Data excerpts
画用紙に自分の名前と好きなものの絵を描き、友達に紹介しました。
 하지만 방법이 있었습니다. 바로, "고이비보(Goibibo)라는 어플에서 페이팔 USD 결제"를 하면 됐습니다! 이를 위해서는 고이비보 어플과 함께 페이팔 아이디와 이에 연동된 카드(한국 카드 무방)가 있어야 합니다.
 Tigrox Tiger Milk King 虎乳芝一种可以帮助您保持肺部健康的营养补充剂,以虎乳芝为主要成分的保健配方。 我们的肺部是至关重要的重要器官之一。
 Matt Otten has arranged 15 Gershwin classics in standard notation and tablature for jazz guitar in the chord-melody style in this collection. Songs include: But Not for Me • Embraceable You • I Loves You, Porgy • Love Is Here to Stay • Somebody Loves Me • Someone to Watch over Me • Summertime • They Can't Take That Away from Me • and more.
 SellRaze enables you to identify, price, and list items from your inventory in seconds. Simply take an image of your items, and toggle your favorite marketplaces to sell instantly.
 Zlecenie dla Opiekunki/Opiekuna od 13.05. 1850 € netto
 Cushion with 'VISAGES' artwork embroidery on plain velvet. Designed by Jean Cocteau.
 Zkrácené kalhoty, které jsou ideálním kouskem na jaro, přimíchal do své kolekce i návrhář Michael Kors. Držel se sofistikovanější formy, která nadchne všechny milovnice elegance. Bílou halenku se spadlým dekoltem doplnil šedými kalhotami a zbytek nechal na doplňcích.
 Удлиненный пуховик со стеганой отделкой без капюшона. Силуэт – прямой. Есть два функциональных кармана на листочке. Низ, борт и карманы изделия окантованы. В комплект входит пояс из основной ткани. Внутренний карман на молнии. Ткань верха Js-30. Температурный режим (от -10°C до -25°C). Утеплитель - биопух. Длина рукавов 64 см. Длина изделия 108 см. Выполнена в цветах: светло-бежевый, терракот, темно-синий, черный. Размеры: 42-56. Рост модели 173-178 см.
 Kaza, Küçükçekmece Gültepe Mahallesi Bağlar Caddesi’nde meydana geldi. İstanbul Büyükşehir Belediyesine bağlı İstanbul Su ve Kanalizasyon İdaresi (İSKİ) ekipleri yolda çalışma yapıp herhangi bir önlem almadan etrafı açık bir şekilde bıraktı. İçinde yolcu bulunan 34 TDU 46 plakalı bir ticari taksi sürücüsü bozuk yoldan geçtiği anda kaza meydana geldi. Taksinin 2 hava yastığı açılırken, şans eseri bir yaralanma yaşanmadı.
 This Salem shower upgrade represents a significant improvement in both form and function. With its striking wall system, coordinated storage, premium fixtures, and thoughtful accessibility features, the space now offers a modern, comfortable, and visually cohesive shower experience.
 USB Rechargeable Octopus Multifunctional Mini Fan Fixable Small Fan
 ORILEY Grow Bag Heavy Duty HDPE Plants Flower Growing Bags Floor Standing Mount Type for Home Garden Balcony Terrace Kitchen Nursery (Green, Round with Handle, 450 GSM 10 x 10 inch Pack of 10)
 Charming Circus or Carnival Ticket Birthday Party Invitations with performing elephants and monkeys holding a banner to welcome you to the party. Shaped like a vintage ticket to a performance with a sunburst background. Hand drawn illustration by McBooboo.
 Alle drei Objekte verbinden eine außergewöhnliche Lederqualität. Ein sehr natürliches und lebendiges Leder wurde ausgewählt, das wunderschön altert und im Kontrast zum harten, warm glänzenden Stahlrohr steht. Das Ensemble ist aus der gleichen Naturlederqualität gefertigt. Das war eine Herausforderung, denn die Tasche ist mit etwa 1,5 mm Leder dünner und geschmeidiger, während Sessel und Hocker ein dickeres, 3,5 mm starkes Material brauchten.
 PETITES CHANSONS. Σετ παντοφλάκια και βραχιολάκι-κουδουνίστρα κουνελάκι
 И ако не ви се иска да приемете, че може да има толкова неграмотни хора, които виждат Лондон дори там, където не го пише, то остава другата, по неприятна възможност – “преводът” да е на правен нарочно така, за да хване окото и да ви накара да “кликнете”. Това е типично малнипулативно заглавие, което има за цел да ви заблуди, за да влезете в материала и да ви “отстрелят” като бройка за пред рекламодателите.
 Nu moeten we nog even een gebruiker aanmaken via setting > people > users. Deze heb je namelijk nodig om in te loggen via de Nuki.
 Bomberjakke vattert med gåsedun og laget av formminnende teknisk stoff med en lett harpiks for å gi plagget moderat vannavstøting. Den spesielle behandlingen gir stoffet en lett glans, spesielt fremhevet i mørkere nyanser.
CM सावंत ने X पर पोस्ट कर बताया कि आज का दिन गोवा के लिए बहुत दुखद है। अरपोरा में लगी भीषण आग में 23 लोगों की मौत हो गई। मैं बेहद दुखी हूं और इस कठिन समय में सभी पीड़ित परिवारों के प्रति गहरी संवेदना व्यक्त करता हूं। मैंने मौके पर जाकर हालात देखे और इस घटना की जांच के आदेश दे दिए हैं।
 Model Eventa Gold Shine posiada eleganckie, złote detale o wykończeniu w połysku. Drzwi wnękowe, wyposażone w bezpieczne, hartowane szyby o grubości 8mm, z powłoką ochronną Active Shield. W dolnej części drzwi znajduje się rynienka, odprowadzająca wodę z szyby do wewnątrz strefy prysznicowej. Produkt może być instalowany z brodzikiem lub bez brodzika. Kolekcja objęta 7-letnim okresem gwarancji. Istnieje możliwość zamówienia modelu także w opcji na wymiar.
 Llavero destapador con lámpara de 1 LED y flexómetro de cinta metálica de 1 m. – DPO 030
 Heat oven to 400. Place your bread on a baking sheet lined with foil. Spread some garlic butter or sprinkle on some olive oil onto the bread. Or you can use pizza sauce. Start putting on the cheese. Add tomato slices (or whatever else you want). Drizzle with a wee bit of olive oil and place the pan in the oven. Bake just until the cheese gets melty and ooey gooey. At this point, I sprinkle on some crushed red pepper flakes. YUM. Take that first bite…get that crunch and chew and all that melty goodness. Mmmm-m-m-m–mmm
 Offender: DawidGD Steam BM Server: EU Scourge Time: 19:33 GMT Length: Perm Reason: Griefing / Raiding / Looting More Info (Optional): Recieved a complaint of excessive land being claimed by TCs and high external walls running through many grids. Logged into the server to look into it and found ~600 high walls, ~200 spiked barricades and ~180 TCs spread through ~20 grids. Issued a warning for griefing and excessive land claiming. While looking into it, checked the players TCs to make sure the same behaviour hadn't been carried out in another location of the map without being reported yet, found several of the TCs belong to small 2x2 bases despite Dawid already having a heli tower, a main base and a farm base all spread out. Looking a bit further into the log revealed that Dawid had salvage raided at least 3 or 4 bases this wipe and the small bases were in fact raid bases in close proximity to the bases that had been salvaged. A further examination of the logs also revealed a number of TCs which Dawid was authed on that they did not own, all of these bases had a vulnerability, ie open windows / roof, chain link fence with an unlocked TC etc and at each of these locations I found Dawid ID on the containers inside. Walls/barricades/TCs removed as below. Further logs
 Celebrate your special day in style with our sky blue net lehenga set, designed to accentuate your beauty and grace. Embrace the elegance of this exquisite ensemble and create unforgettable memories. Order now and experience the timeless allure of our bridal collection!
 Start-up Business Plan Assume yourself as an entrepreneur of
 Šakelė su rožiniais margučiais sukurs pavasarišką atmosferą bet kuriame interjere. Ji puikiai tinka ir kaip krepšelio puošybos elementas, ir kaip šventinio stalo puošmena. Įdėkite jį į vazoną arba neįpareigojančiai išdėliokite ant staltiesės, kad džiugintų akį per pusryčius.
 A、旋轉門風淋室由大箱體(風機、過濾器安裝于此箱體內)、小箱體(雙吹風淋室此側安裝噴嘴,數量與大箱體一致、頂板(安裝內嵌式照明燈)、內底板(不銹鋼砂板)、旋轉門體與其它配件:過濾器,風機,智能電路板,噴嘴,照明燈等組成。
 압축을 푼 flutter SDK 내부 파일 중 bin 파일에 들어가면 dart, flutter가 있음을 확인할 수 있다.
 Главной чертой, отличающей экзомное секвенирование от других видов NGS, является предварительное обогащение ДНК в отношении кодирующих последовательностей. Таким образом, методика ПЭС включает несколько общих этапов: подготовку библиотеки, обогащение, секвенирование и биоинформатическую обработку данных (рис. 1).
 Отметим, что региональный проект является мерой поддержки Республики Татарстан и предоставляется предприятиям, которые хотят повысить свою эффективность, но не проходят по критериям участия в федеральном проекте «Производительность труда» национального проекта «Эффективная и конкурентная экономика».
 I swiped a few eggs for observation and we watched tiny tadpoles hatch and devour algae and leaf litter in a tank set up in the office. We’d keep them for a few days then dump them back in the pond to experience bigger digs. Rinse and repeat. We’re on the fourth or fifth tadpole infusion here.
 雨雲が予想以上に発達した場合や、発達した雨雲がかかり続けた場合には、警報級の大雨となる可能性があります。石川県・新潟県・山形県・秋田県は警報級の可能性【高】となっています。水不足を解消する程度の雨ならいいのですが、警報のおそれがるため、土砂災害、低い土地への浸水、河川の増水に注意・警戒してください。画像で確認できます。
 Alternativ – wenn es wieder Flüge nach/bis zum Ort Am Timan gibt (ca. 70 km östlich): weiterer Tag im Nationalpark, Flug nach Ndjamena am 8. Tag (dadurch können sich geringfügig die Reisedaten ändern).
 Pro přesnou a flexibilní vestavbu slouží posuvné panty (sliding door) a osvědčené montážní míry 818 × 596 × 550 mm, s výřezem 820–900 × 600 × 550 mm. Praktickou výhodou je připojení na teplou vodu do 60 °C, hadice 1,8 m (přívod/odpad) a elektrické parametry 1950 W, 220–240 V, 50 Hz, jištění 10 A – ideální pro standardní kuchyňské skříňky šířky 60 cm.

* Task goal *
Transcribe each line of the data above, unaltered, from the one where "Tigrox Tiger Milk" appears to the one where "Cushion with 'VISAGES'" appears, inclusive of both.

* Final answer *
 Tigrox Tiger Milk King 虎乳芝一种可以帮助您保持肺部健康的营养补充剂,以虎乳芝为主要成分的保健配方。 我们的肺部是至关重要的重要器官之一。
 Matt Otten has arranged 15 Gershwin classics in standard notation and tablature for jazz guitar in the chord-melody style in this collection. Songs include: But Not for Me • Embraceable You • I Loves You, Porgy • Love Is Here to Stay • Somebody Loves Me • Someone to Watch over Me • Summertime • They Can't Take That Away from Me • and more.
 SellRaze enables you to identify, price, and list items from your inventory in seconds. Simply take an image of your items, and toggle your favorite marketplaces to sell instantly.
 Zlecenie dla Opiekunki/Opiekuna od 13.05. 1850 € netto
 Cushion with 'VISAGES' artwork embroidery on plain velvet. Designed by Jean Cocteau.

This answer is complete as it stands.